The core game loop is fundamental to creating an engaging mobile title. It is critical to a well-designed game and, ultimately, a successful business. During this post, we’ll look at core game loops in different genres and how you can evolve and layer game loops can improve your player engagement and monetization.
Here are some questions you have to keep in mind throughout this post!
What is a game loop?
The core game loop is a set of actions that a player will be doing over and over again. Remember, it is critical to do so when designing mobile game core loops with player motivations in mind. A good core loop can be the making or breaking of your game. Consider this the structure or even engine system that underpins your game design.
Study case: Match 3 games motivation
For match-3 games, the core game loop is starting a new level, achieving the points or goals of that level, and then continuing to the next one. In many match-3 games, the complexity of levels increases as the game goes on. The fun in the core loop satisfies the Challenge motivator and is built off the anticipation of the puzzle completion. Will they be able to beat the level?
Considerable attention is paid to level design and curation of the distribution of difficulty to ensure that players enter and stay in the state of flow. If the player constantly loses, they likely will feel discouraged and not want to continue playing. Players who always win on the first try may not feel challenged. But if they can win and lose (even occasionally), the excitement persists, driving continual player engagement.
The importance of layering on top of your core loop
The core loop is just the beginning. Once you have created a fun and engaging core gameplay loop, many successful mobile developers employ multiple loops that can provide additional complexity to your mobile game.
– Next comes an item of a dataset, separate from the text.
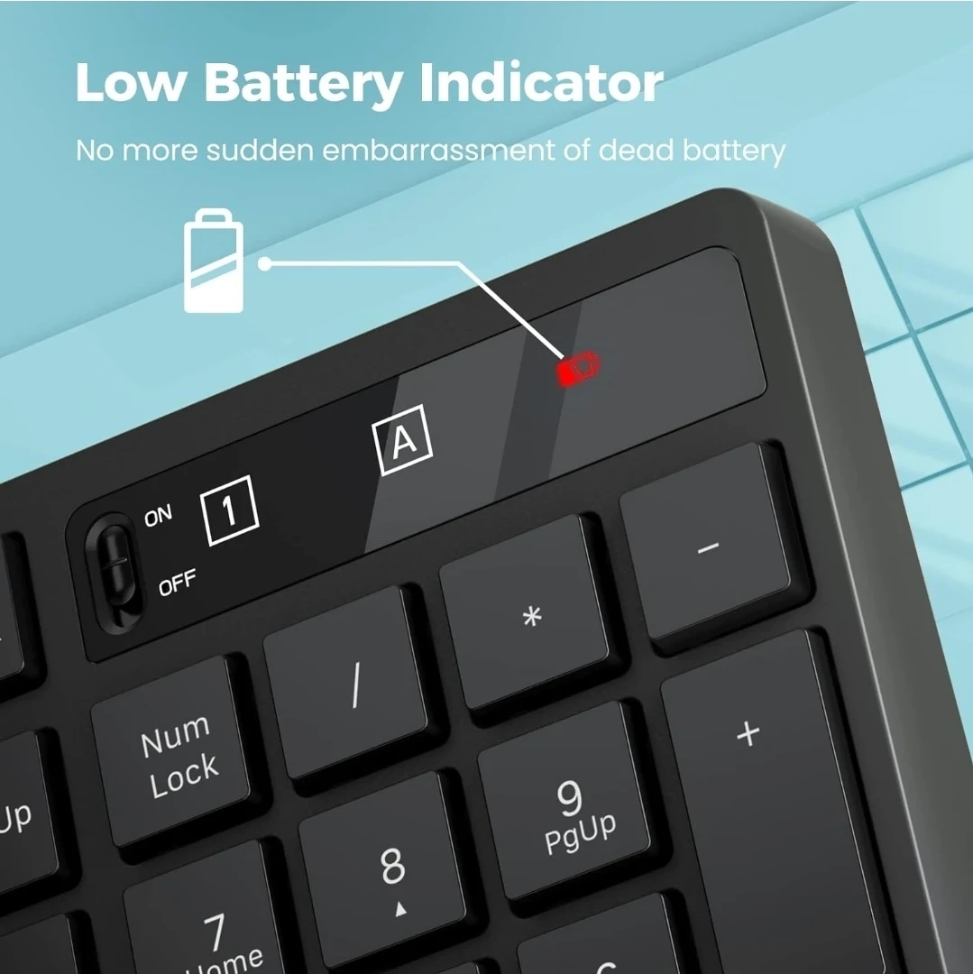 Selling a Lovaky wireless keyboard and mouse combo in black. It features an ergonomic keyboard and a mouse with adjustable DPI. The keyboard is designed with an 8-degree tilt to help release wrist pressure, making typing more effortless and efficient. It also has smart power management to save battery life and reduce battery replacement.

New, layered loops you create can help serve different motivations for players throughout their lifecycles.
Thus far, we’ve discussed the foundational core game loop; this is only the beginning.
Developers frequently create features to drive continual interaction with the core game loop. The features provide goals to motivate users to master the core game loop. Most commonly, these include features like daily quest systems or an achievement system.
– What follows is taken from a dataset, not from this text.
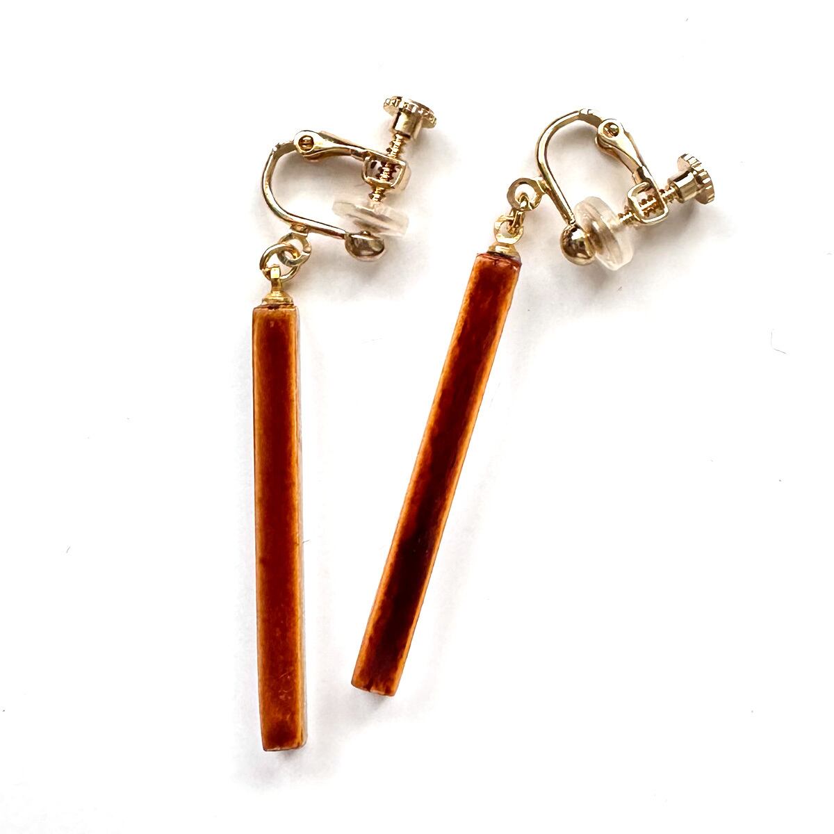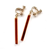 伝統工芸 飛騨春慶塗 細長い四角柱のシンプルなイヤリングです。

Meta loops most commonly come after the user has mastered the core game loop and are often referred to as the late- or end-game. This loop focuses on driving long-term goal formation for players. , this loop will usually serve your most highly skilled or highly engaged players.
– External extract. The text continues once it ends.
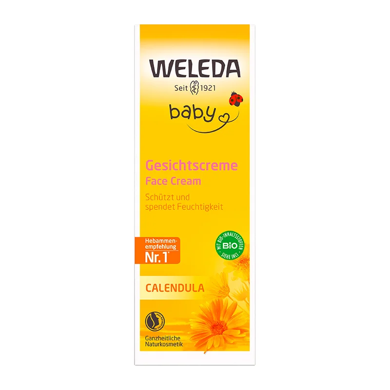 Die Weleda Calendula Gesichtscreme ist speziell darauf ausgerichtet, die empfindliche Gesichtshaut zu verwöhnen.Diese Naturkosmetik Feuchtigkeitscreme ist nicht nur für Babys geeignet, sondern auch für empfindliche Erwachsenenhaut. Sie schützt die Haut und versorgt sie gleichzeitig mit wertvoller Feuchtigkeit. Die milde Rezeptur enthält hochwertiges Mandelöl, das die Haut intensiv mit Feuchtigkeit versorgt. Damit die Haut nicht austrocknet wird reines Bienenwachs verwendet. Ein Extrakt aus kontrolliert-biologisch angebauter Calendula beruhigt und verwöhnt die Haut. Die Gesichtscreme lässt sich schnell auftragen und zieht mühelos ein, ohne ein klebriges Gefühl zu hinterlassen.

Another loop that might be introduced is a social loop. For example, many genres include a team, clan, guild system, and maybe even a chat system as a minimum requirement. Social loops and features help drive user engagement and loyalty as all members or friends work towards the same goal.
Acquisition loops also drive virality to acquire new and existing users or reactivate lapsed users.
For instance, guild versus guild (GvG) loops are competitions in 4X-style games that form massive battles that can extend across entire servers.
eSports loops are becoming popular in competitive games where players watch adept players compete at the highest levels and learn new tactics they can deploy in their gameplay.
Ultimately, you will have the best insight into the types of loops that will make sense for your game. Remember to consider your player lifecycle maps to help understand which loops fit best with your feature roadmap, game balance, and content strategy throughout your player’s lifecycle.